* [Stored data]:
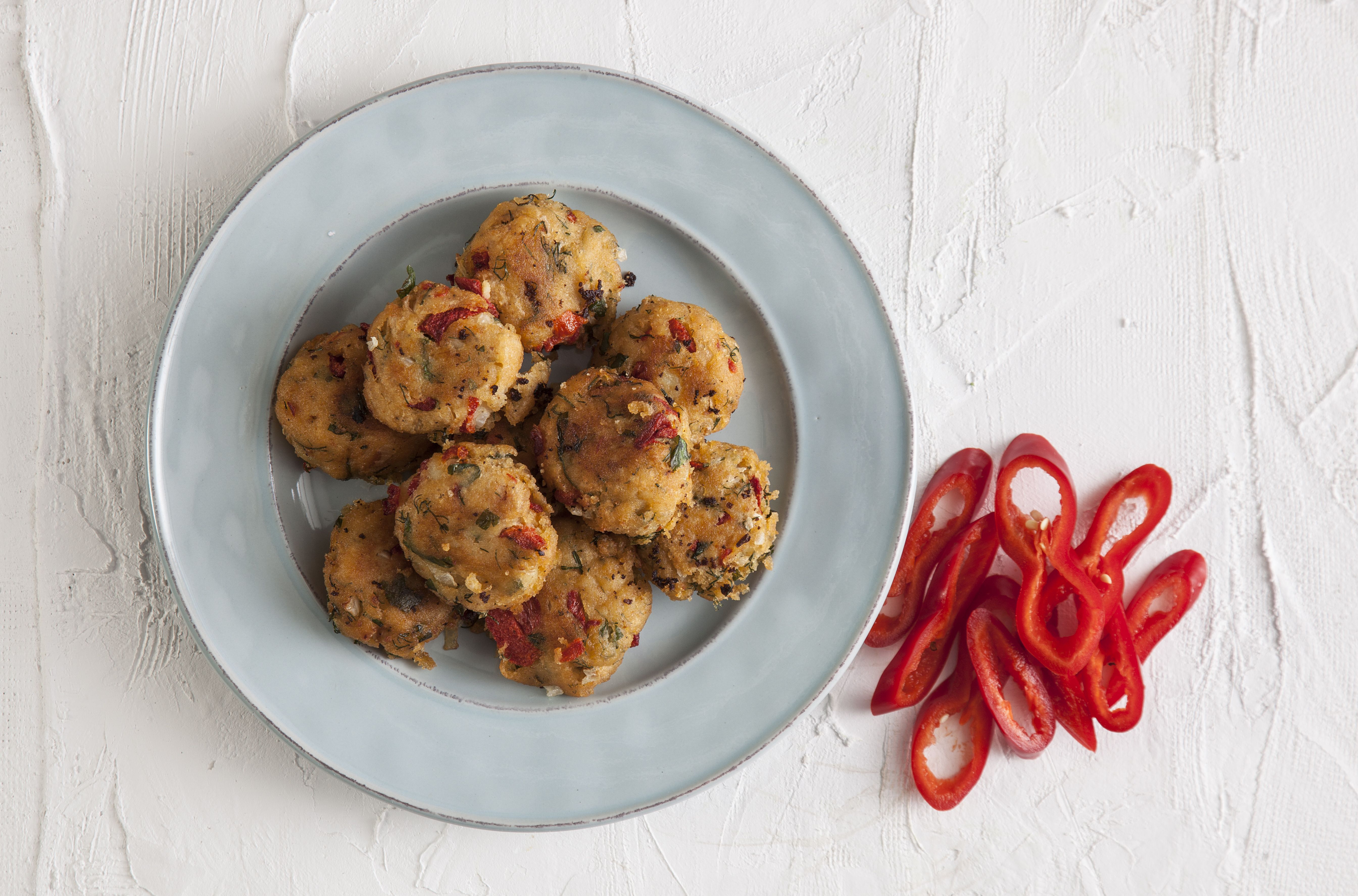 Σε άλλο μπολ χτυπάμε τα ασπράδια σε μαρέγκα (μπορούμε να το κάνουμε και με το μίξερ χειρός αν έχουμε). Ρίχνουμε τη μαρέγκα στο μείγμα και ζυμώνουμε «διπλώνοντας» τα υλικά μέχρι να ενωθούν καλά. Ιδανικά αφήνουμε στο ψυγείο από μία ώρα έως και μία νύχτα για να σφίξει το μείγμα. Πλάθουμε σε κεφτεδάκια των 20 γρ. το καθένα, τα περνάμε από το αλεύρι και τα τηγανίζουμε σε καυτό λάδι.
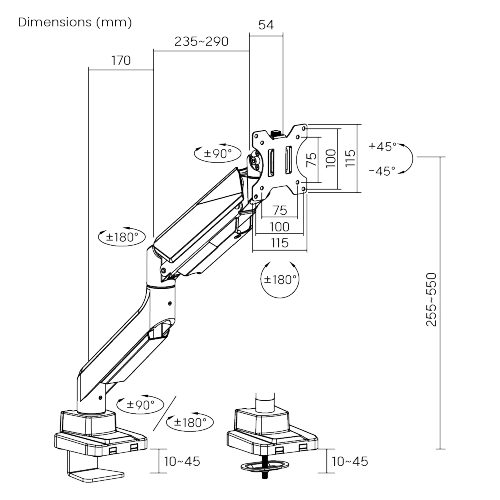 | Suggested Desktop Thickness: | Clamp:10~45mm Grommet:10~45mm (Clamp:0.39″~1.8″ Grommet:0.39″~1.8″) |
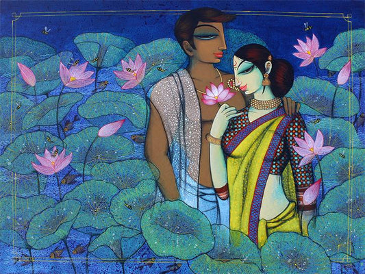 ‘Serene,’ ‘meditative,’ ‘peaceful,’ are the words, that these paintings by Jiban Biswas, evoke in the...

* [Task prompt]:
Word for word, print all of the data; skip the pictures.

* [Exercise response]:
 Σε άλλο μπολ χτυπάμε τα ασπράδια σε μαρέγκα (μπορούμε να το κάνουμε και με το μίξερ χειρός αν έχουμε). Ρίχνουμε τη μαρέγκα στο μείγμα και ζυμώνουμε «διπλώνοντας» τα υλικά μέχρι να ενωθούν καλά. Ιδανικά αφήνουμε στο ψυγείο από μία ώρα έως και μία νύχτα για να σφίξει το μείγμα. Πλάθουμε σε κεφτεδάκια των 20 γρ. το καθένα, τα περνάμε από το αλεύρι και τα τηγανίζουμε σε καυτό λάδι.
 | Suggested Desktop Thickness: | Clamp:10~45mm Grommet:10~45mm (Clamp:0.39″~1.8″ Grommet:0.39″~1.8″) |
 ‘Serene,’ ‘meditative,’ ‘peaceful,’ are the words, that these paintings by Jiban Biswas, evoke in the...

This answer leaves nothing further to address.